By Clare Roth and Ben Kieffer
In much of the developing world, fossil fuels and electricity are too expensive to be legitimate options for cooking. Instead, people there use wood burning
To combat the issue, engineers and groups like the Bill & Melinda Gates Foundation have attempted to develop energy-efficient cookstoves that release less emissions. Great strides have been made, but there are still two significant barriers to widespread use: cost and cultural resistance.
The first is intuitive, argues H.S. Udaykumar, professor of Mechanical and Industrial Engineering at the University of Iowa. A hundred-dollar, or even thirty-dollar, cookstove isn’t an achievable or practical purchase when you’re making a dollar a day.
Tackling the second is less straightforward.
"One of the impediments to inserting new technologies to new places is that there are lots of cultural and other social issues that can impede the progress of these technologies,” he says. “If you’re trying to give them a high-efficiency cookstove, they don’t use it.”
This is particularly true given the place cooking has in culture.
“Cooking is so, I don’t know what it is— my colleagues in Women’s Studies call it the heart of the home. So trying to change that practice has a lot of resistance.”
So he developed a simple metal insert that fit into the cookstoves people in India already used. The grate increases airflow, allowing the wood to burn more cleanly and completely.

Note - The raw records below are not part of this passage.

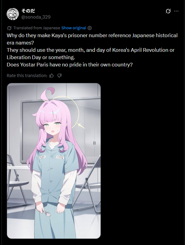 >>564345553>>564346026It's just plain stupid, too. The only themed schools are Hyakkiyako, Red Winter, and Shanhaijing. Trying to force other schools to follow a certain pattern just makes the whole thing really stupid.WildHunt is more British than Trinity. Valkyrie is the school that most resembles the U.S., but since it’s a joke of a school, Americans don’t like to admit it. Arius has a distinctly gothic style, and one could say it resembles France, but it doesn’t make sense for a school to have ties to anything that Trinity was supposed to be.Abydos is themed around a civilization that no longer exists.
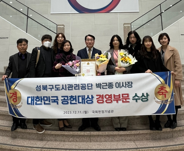 성북구도시관리공단 박근종 이사장은 12월 11일 국회 헌정기념관에서 개최한 ‘2023 제4회 대한민국 공헌대상’ 시상식에서 영예로운 행정·경영대상을 수상했다.
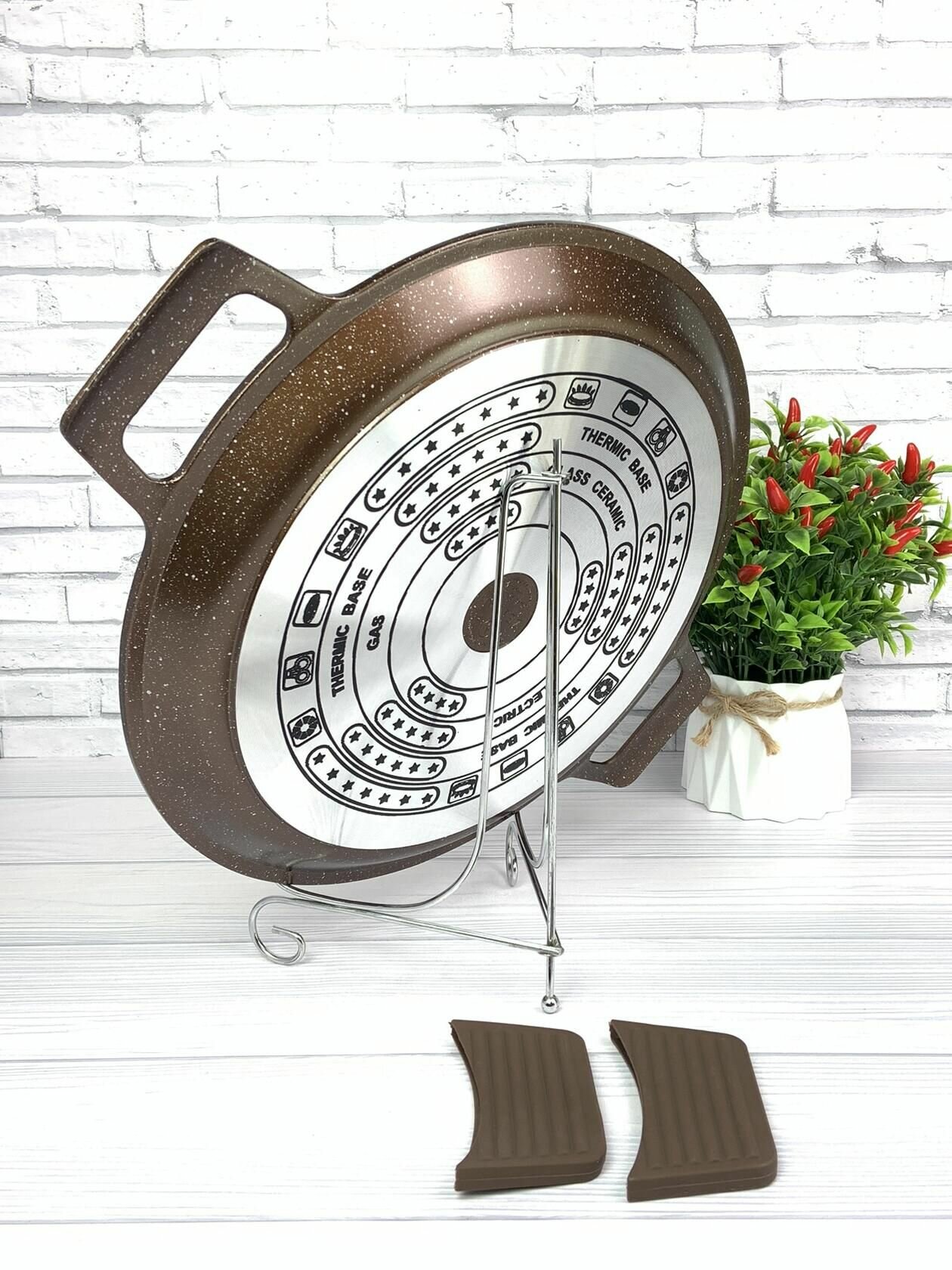 Купить Сковорода-лавашница Zeidan 32 см из литого алюминия с антипригарным покрытием и с силиконовыми накладками с доставкой по всей России.
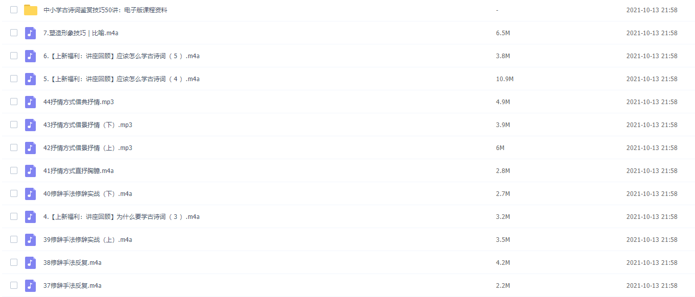此课件来自邵鑫中小学古诗词鉴赏技巧完结,此课件主要包括:鉴赏8大高频考点、42个鉴赏技巧。并大量运用古今诗词、歌词的对比举例,帮助你更好地理解、掌握、运用这些技巧。通过课程学习,对古诗词、文言文理解更加深刻、准确。学习诗词鉴赏技巧,不仅对诗词学习有帮助,对阅读、写作的帮助也很大。
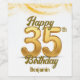 Celebrate 35 in style with this customisable wine label featuring a bold, golden “Happy 35th Birthday” message, accented by a festive gold confetti background for a touch of elegance. Personalise the text to make it truly yours—perfect for gifting, party decor, or keepsakes.
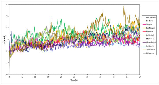 The ligand RMSD indicates the stability of the ligand with respect to the protein and its binding pocket. The ligand RMSD values for the selected drug molecules ranged between 2.77 and 5.86 Å (Table S1). Viroptic reported the lowest deviation, indicating higher stability at the active site compared to nelfinavir and lifitegrast which showed higher deviations. Interestingly, although the binding of telmisartan caused higher structural deviations in the alpha carbons of the protein, lower ligand RMSD indicates that the drug seems to be stable in its binding pocket.
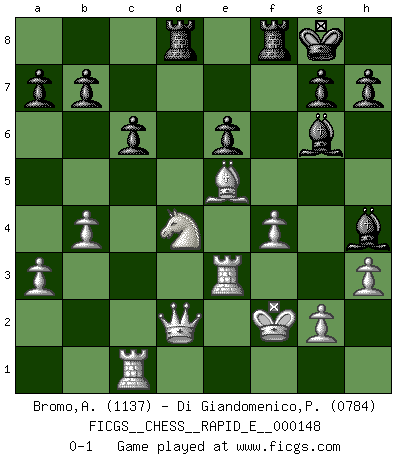 Last move : 0-1 2015 May 22 10:45:25 [Event "FICGS__CHESS__RAPID_E__000148"] [Site "FICGS"] [Date "2015.02.28"] [Round "1"] [White "Bromo,Alexis"] [Black "Di Giandomenico,Pierino"] [Result "0-1"] [WhiteElo "1137"] [BlackElo "0784"] 1.d4 d5 2.c4 dxc4 3.Nc3 Be6 4.Nf3 Qd6 5.a3 Nc6 6.e3 Nf6 7.h3 Nd5 8.Bxc4 Bf5 9.Bxd5 Qd7 10.Bxc6 Qxc6 11.O-O Rd8 12.Re1 e6 13.e4 Bg6 14.b4 Qxc3 15.Bf4 c6 16.Re3 Qxd4 17.Nxd4 Be7 18.Rc1 O-O 19.f3 Bf6 20.e5 Be7 21.Kf2 f6 22.Qd2 fxe5 23.Bxe5 Bg5 24.f4 Bh4+ 0-1 This chess game has been lost on time (started : 2015.02.28 18:59:12) Queen's gambit accepted Kingside Castling by player White (move 11) Kingside Castling by player Black (move 18) Player Black won this chess game. Follow this game move after move (download)The passed pawn is a criminal, who should be kept under lock and key. Mild measures, such as police surveillance, are not sufficient. (Nimzovitch) Ich habe kein Problem mit Frauen, sondern nur mit dem Niveau ihres Schachspiels (Judith Polgar) El Ajedrez es una guerra en un tablero. El objetivo es aplastar la mente del oponente. (Bobby Fischer) Shah mat. Le roi est mort. Cri de fierté d'un joueur venant de terrasser son adversaire, courtoisement, sans effusion de sang. There will be no order, only chaos. (Sol Robeson in Pi by Darren Aronofsky)
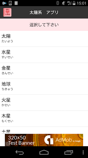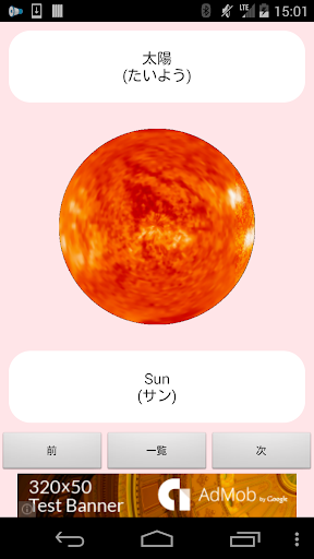 太陽系の名前を勉強できるアプリです。
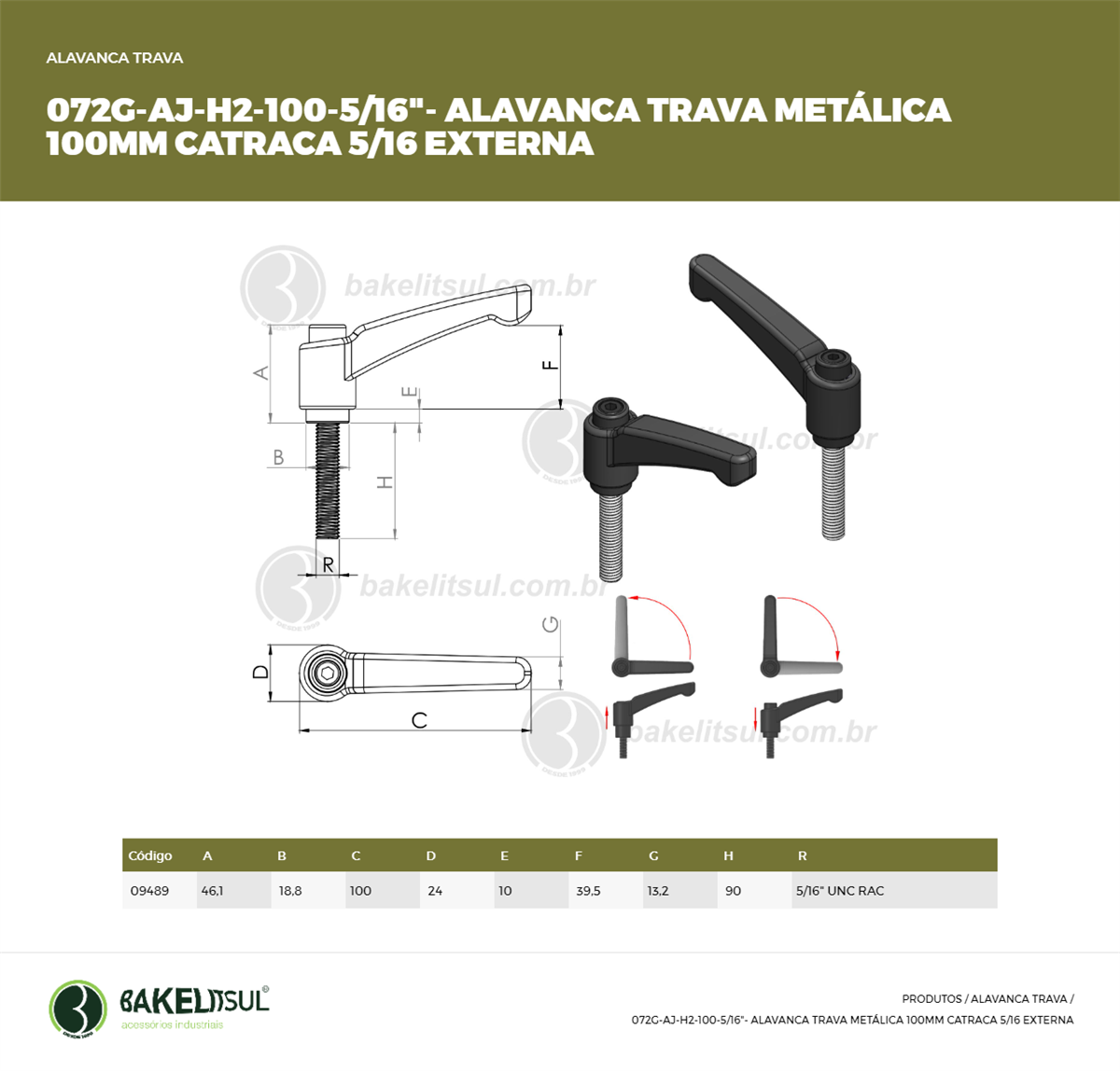 AJUSTADOR ALAVANCA TRAVA 100MM METÁLICA ROSCA EXTERNA-5/16"
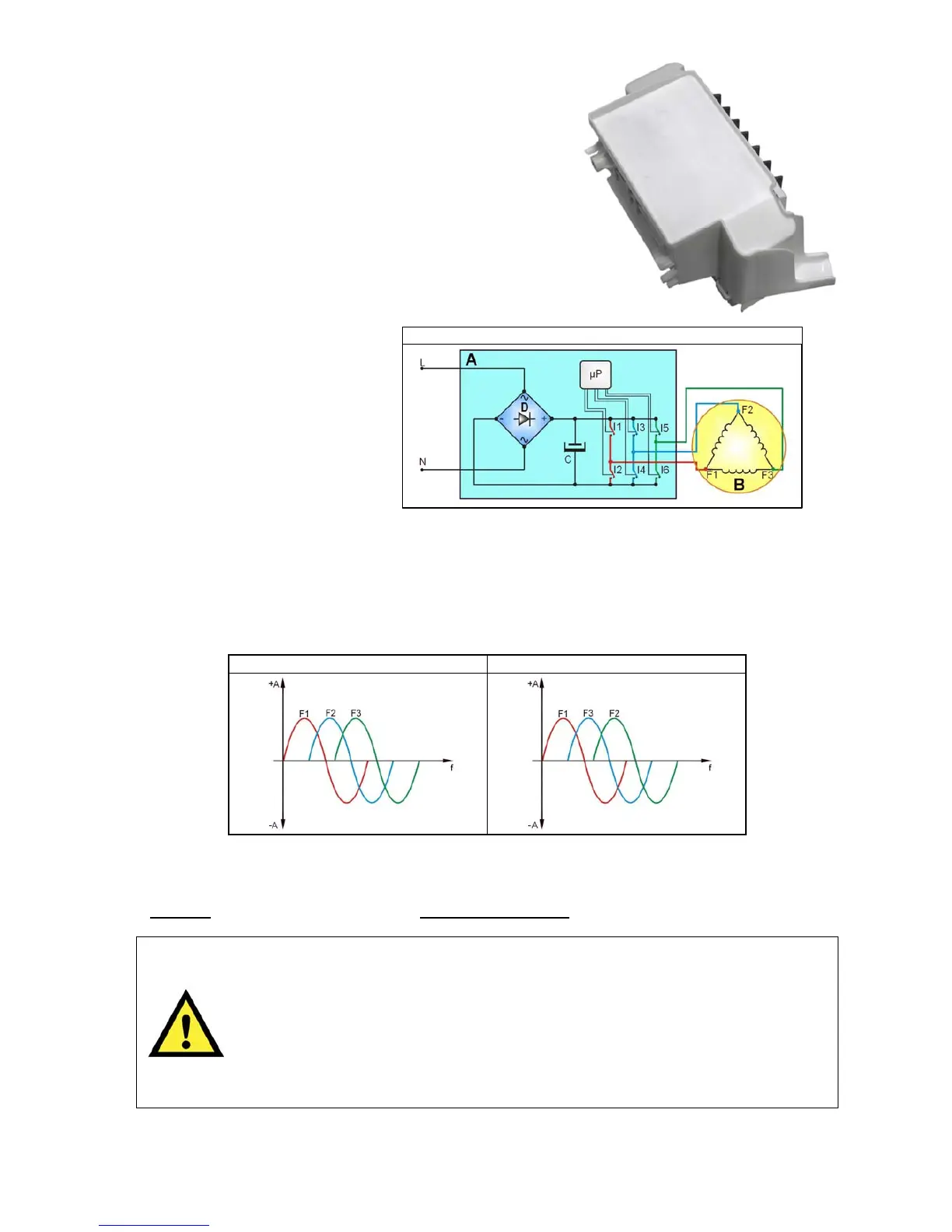 Single-phase electricity (applied to connectors L-N), is rectified by the diode jumper (D), so there is a direct
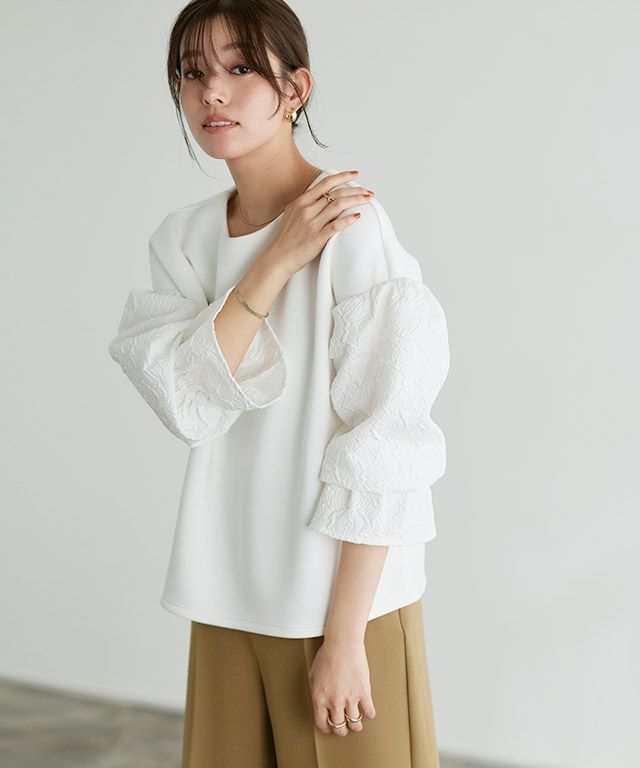 他の画像を見る #SALE 販売期間 2026/02/04 17:00 〜 2026/02/19 16:59 \決算セール!特別価格/ カットジャカードパフスリーブプルオーバー ¥ 2,990 税込 ¥ 1,990 税込 お気に入りに登録する
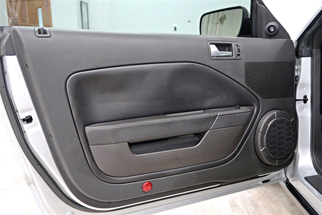 Silver Metallic Exterior with Blue Stripes Over Black Leather Interior
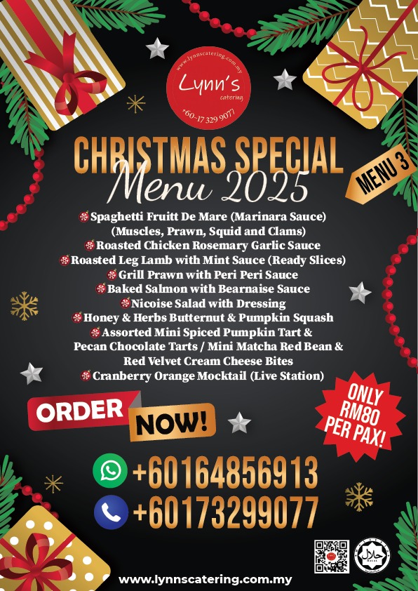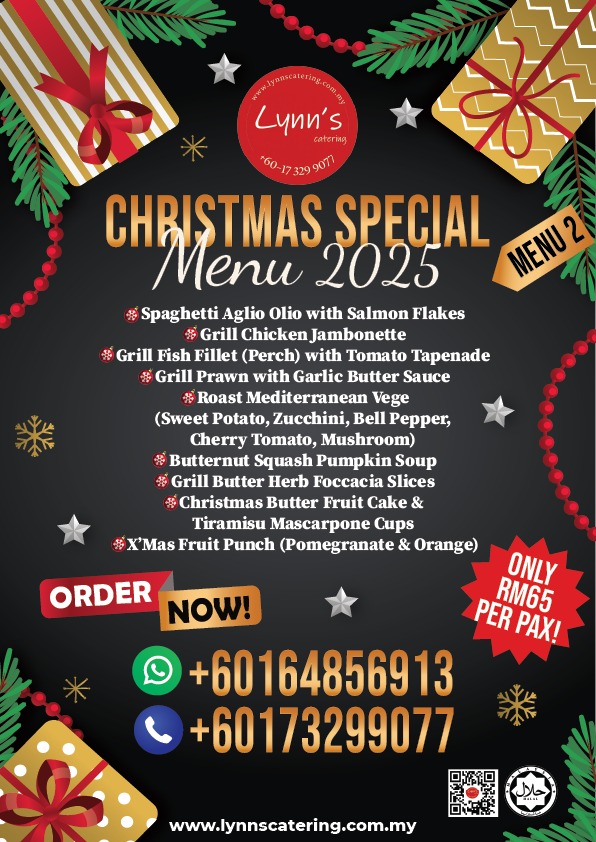 Roast Chicken with Creamy Peri Peri Sauce Turkey Ham Enchiladas Baked Tandori Salmon with Sweet, Spicy Tomato Chutney Garden Salad with Sesame Dressing Baked Cheesy Mix Pasta with Mushroom Sauce and Streaky Chicken Grill Chicken Patty and Sausages with Creamy Cajun Sauce Log Cake / Christmas Cake X’mas Punch Drink (7up+Ribena+Lemon Slice)
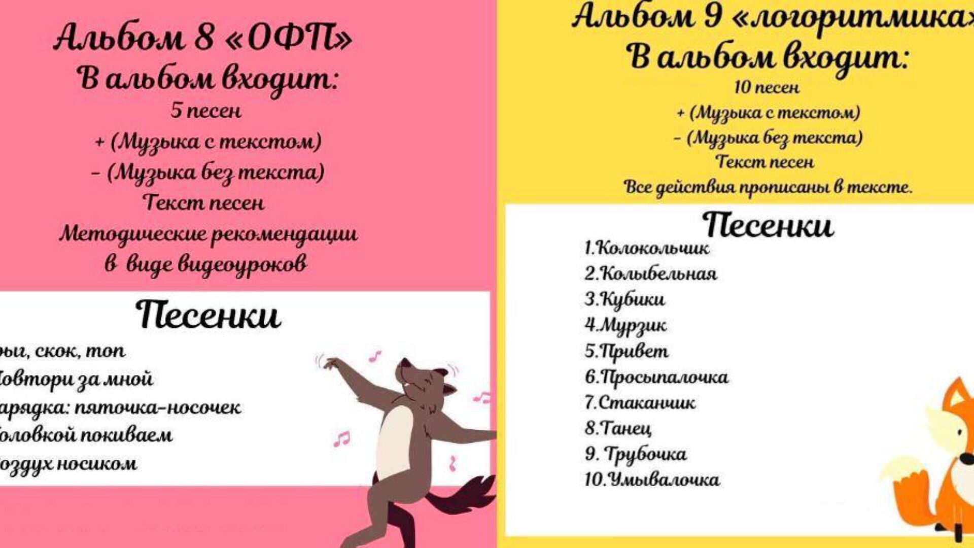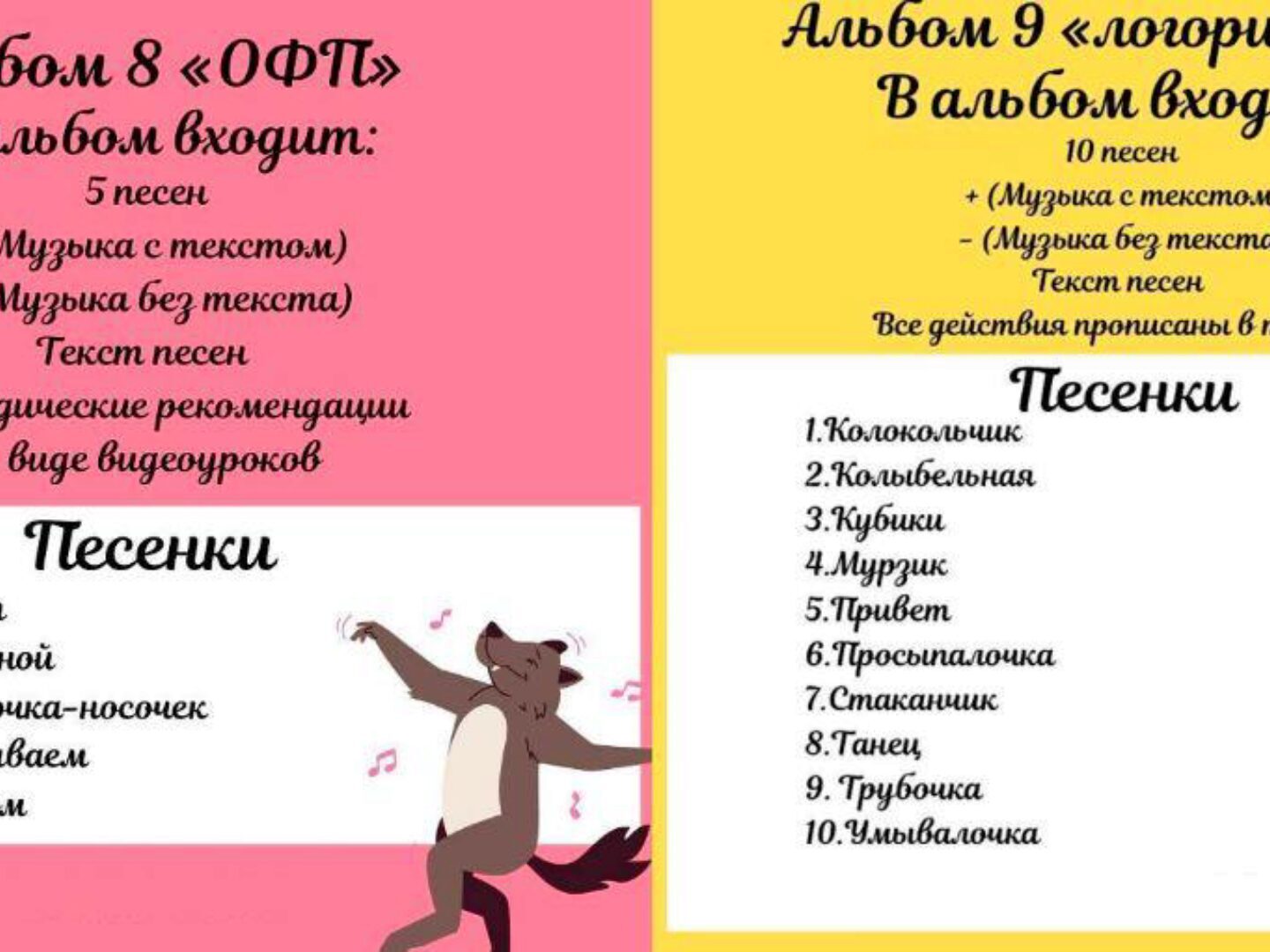 Альбом №4. В альбоме 12 песенок, плюсы и минусы входят в альбом! Альбом развивает: ️соматогнозис (схема тела); ️чувство ритма; ️саморегуляцию; ️переключение; ️удержание моторной программы; ️слуховое восприятие; ️межполушарные связи; ️улучшает психо-эмоциональное состояние .. Для кого: для деток с
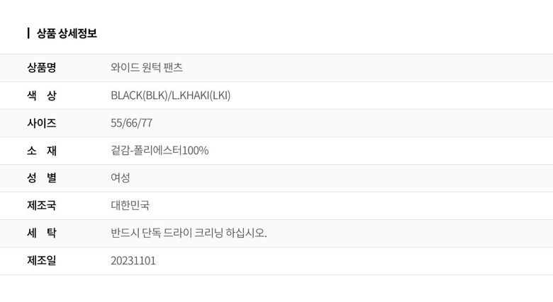 | 6. 세탁방법 및 취급시 주의사항 | 상세페이지 참조 |
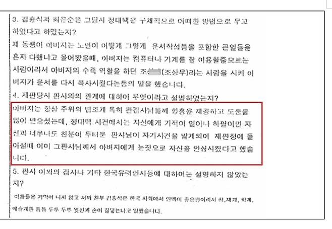 이어 "그때까지만 해도 아버지가 도움을 준 이가 최은순인지 몰랐다"라며 "정대택에게 돌아가는 배당금을 최소화시킨 공을 고마움의 댓가(커미션)로 받았다고 하였다"라고 거듭 설명했다.
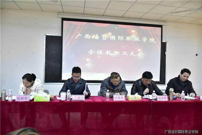 2018年2月6日下午🙍🏽,广西彩神国际职业学院召开全体教职工大会。学院副董事长区寿本博士📪🧟、学院副院长黄勇学、副院长于灏洋、副院长陆秋利、副院长周晴出席了大会。
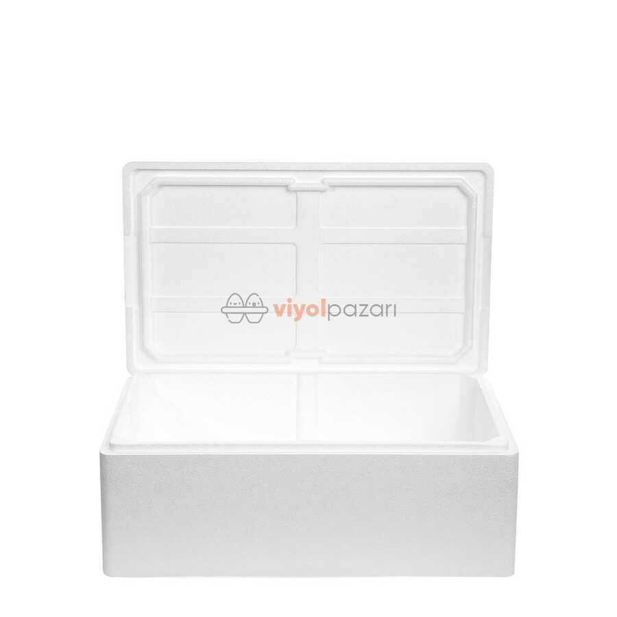 50cm x 40cm x 25.5cm ölçülerinde strofor köpük kutu.

That means less of the soot that causes serious lung problems from smoke inhalation and less wood cut down from nearby forests.
The grates aren’t just easier to implement, they’re far cheaper as well.
“The government in India actually offers a subsidy on those $30 cookstoves to the tune of $7. What we’re seeing is this is way below even the subsidy they’re offering. And it’s a simple thing. There should be no real resistance to just sticking this in their traditional hearth.”
Though the Udaykumar’s grates will be used almost exclusively in small rural communities in developing countries like India, he argues the cookstove issue is critical to those in the first-world as well. He says the lung problems caused by smoke inhalation disproportionately affect women and children in the developing world, but the climate effects of inefficient burning are global.
“We think of these as local problems that apply to women and children in these really remote areas, but actually it’s a global problem because it connects to all of us, not only in terms of climate change but in terms of deforestation.”